Суворов подумал: она дальше, чем кажется. Прошло всего ничего, а расстояние между нами как будто бы выросло. Ее «ненавижу» сейчас прозвучало фальшиво, как гармошка на кладбище. А вот «предатель», напротив, очень похоже на правду.
— Посторонись: у меня в голове как раз друг на друга мчатся два паровозных состава… Погоди, передвину стрелку на рельсах. — Он подышал под себя, сперва робко и часто, потом, перелиставшись на спину, как можно глубже вдохнул. — Фу-уф, успел! Пронесло.
— Ах ты, пьянь! Алкоголик… — Сделав паузу: — Тебе очень нехорошо?
— Нет. Просто воротит от света, а его здесь — тьма-тьмущая. Когда закрываю глаза, то как будто полегче.
Показалось, захныкала — далеко-далеко. Не стал утешать. Интересно, однако, как ни с того ни с сего в нас просыпается индифферентность.
— Суворов, обманщик, ты же мне обещал!
Усмехнулся (не в трубку): впервые не видит насквозь ни меня, ни моих паровозов, ни рельсов. От мысли ему полегчало: полезно порой уползти куда-нибудь в тень.

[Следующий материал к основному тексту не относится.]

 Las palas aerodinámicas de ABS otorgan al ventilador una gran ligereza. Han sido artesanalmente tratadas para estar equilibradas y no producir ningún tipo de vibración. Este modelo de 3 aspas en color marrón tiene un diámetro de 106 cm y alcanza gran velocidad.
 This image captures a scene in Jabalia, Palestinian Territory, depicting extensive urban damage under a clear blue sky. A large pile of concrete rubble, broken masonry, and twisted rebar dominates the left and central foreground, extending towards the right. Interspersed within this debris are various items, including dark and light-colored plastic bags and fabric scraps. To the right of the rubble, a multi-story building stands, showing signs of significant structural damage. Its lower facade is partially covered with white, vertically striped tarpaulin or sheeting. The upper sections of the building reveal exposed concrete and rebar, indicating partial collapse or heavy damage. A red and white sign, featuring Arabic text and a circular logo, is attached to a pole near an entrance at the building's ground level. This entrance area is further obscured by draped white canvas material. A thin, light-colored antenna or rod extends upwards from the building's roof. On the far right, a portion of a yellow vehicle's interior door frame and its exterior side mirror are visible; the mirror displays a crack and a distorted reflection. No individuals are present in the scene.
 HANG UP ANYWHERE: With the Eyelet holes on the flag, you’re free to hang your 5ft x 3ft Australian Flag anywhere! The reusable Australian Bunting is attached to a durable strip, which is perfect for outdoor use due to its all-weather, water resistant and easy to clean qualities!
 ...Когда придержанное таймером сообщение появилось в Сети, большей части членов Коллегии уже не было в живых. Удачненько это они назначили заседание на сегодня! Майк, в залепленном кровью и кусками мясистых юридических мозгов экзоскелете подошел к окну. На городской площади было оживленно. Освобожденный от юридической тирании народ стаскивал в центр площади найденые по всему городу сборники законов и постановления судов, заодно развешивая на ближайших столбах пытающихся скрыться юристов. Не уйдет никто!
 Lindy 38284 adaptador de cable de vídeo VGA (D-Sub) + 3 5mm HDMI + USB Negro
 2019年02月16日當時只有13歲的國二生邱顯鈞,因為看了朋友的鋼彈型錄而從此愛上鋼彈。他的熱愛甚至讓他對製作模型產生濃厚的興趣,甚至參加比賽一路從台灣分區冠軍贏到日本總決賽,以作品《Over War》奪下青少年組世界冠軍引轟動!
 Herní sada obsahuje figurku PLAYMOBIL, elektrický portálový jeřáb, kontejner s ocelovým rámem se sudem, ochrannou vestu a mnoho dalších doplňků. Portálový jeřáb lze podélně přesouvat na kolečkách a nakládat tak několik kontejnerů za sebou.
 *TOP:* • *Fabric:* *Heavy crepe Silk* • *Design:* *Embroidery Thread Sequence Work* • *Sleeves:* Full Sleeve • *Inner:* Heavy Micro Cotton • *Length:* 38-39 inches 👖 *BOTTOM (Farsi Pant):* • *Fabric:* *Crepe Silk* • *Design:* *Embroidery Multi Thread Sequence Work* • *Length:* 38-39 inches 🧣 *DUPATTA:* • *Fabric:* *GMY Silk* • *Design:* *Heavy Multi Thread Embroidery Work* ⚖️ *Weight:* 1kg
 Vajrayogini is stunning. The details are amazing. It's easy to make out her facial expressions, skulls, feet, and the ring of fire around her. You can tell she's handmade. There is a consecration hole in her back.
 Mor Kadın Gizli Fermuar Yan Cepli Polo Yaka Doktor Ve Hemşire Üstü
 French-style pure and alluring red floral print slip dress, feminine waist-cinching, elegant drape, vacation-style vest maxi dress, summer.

Он ее сразу усугубил, накрыв одеялом лицо. Из-под тени светло и толково всходило: сколько б мы ни искали в других понимания… едва обретя его, осознаем, что в реальности пониманье для нас… невыносимо — так же точно, как непонимание. Все, что нам нужно, — недопонимание… чтобы хотя бы на йоту возвыситься над собеседником и испытать к нему благодарное… подлое чувство, близкое к снисхождению, которое обычно даруется нами лишь собакам да мертвецам. Самое время погладить…
— Все хорошо, успокойся.
— Врешь! Ты же врешь. Я же чувствую, врешь!..
— Ну вот, — сказал он. — Отсюда мораль: говори правду молча.
— Суворов!..
— Ну ладно. Все плохо, что хуже всего.
Трубка подумала и хохотнула.
— Идиот! Я люблю идиота, хоть это и плохо. А что хуже всего — что я его не люблю. И хуже уже не бывает… Хуже бывает лишь, когда мой идиот так далеко от меня и молчит, оттого что все попросту плохо.
Ну что тут возразишь? — подумал он. За годы, что они вместе, Веснушка от него натерпелась — как может натерпеться только совесть от своего взбалмошного, переменчивого и мнительного работодателя.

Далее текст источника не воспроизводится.